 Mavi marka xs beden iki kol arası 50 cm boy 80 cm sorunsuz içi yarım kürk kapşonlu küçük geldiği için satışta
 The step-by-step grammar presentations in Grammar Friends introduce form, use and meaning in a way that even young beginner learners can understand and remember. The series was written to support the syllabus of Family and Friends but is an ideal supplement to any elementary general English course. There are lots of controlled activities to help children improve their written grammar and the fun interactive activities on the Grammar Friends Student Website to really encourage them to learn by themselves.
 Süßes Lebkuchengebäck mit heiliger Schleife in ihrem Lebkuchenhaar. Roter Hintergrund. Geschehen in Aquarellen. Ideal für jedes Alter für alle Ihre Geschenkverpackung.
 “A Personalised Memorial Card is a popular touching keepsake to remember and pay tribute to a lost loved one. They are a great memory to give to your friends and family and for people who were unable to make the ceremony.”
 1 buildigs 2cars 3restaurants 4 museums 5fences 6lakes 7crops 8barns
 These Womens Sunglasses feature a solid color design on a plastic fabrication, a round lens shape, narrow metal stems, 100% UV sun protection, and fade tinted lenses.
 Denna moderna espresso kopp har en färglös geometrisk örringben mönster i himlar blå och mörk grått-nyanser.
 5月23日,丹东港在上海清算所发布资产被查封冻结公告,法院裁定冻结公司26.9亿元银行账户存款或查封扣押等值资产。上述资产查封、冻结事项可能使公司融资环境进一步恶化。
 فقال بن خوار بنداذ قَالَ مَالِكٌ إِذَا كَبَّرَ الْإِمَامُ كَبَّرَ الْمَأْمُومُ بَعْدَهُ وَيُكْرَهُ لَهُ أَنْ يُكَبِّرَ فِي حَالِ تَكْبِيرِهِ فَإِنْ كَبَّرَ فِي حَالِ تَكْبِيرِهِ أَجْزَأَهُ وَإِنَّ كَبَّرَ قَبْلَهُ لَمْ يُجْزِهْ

## [THE TASK]
The line containing "Denna moderna espresso" marks the end: copy exactly every line from the top of the data above down to it, that line included.

## [RESPONSE TO THIS TASK]
 Mavi marka xs beden iki kol arası 50 cm boy 80 cm sorunsuz içi yarım kürk kapşonlu küçük geldiği için satışta
 The step-by-step grammar presentations in Grammar Friends introduce form, use and meaning in a way that even young beginner learners can understand and remember. The series was written to support the syllabus of Family and Friends but is an ideal supplement to any elementary general English course. There are lots of controlled activities to help children improve their written grammar and the fun interactive activities on the Grammar Friends Student Website to really encourage them to learn by themselves.
 Süßes Lebkuchengebäck mit heiliger Schleife in ihrem Lebkuchenhaar. Roter Hintergrund. Geschehen in Aquarellen. Ideal für jedes Alter für alle Ihre Geschenkverpackung.
 “A Personalised Memorial Card is a popular touching keepsake to remember and pay tribute to a lost loved one. They are a great memory to give to your friends and family and for people who were unable to make the ceremony.”
 1 buildigs 2cars 3restaurants 4 museums 5fences 6lakes 7crops 8barns
 These Womens Sunglasses feature a solid color design on a plastic fabrication, a round lens shape, narrow metal stems, 100% UV sun protection, and fade tinted lenses.
 Denna moderna espresso kopp har en färglös geometrisk örringben mönster i himlar blå och mörk grått-nyanser.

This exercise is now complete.